Командировка радовала ее.
Поезд бежал все быстрее. Темнело. Тьма проглатывала поселки, колодцы, дачные платформы, палисадники. В далеких домиках зажглись редкие, одинокие огоньки. Ели подступили к железнодорожной насыпи, вытягивая свои мохнатые лапы…
В купе Ефимочкин расспрашивал Кривцова:
– Что же вы теперь делаете?
– А что делать бедному крестьянину? Ха-ха-ха… Читаю лекции. От Общества по распространению… Меня всегда тянуло к теории. Вы же помните…
Ефимочкин нерешительно подтвердил:
– Ну да… – И спросил: – Но что это вам дает как экономисту?
– Как что? Ясно, как разжеванный апельсин. Кругозор, наблюдения… И заработок неплохой. А вы зачем в Балашихинск? Позвольте, Балашихинск – это же вотчина Николая Павловича Викторова…
– Была. И может быть, скоро опять будет…
– Это же прекрасный мужик, Викторов!
Кущ не увидела, а скорее почувствовала, как Кривцов глазами и движением бровей показал на нее, и Ефимочкин, отзываясь на его немой вопрос, ответил:
– Вот с Александрой Александровной Кущ, нашим инспектором по кадрам, едем на его бывшую фабрику.
– Кто же теперь директор?
– Некто Пелехатый…
– Пелехатый?

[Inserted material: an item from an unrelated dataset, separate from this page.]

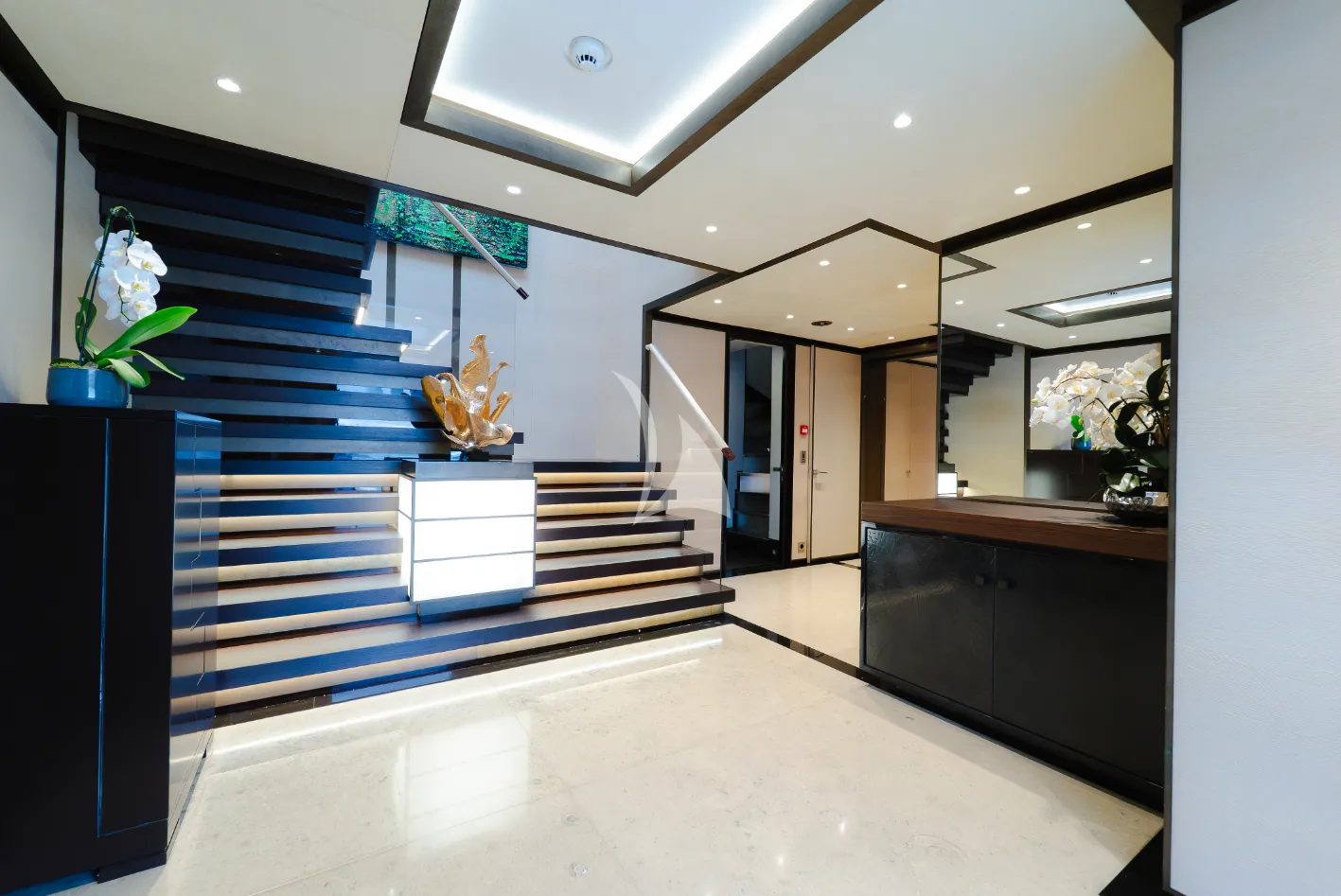 The beautifully appointed SAMURAI was built by luxury yacht builder Alia Yachts and launched in 2016. At an overall length of 198' (60.30m) she is well equipped for a yacht of her size and accommodates sleeping for 12 guests. The SAMURAI charter yacht, along with her guests, is maintained and serviced by 15 professional crew, who provide the absolute best there is to offer in a world-class yacht charter. Her exquisite styling and details are the work of Van Oossanen Naval Architects, resulting in an elegant and stately yacht designed with absolute comfort in mind. She has a beam of 37' 5" (11.40m), and a draft of 11' 0" (3.35m), and is powered by 2x MTU 16V 4000 M73L diesel engines engines, with a cruising speed of 15 knots.

Не слыхал, не знаю.
Ефимочкин пожаловался:
– Будь он неладен, этот Пелехатый! Я собирался идти сегодня на «Плоды просвещения». Билеты купил…
– Что ж, нельзя было отложить поездку? Такая срочность? – беспечно спросил Кривцов. – Не сгорела бы ваша балашихинская фабрика за одни сутки… Да и вообще… Подумаешь, какое грандиозное предприятие! Какое уж там значение имеет их продукция в общем плане треста!
– Да, фабрика маленькая, невзрачная, а вот подите, Викторов рвется обратно…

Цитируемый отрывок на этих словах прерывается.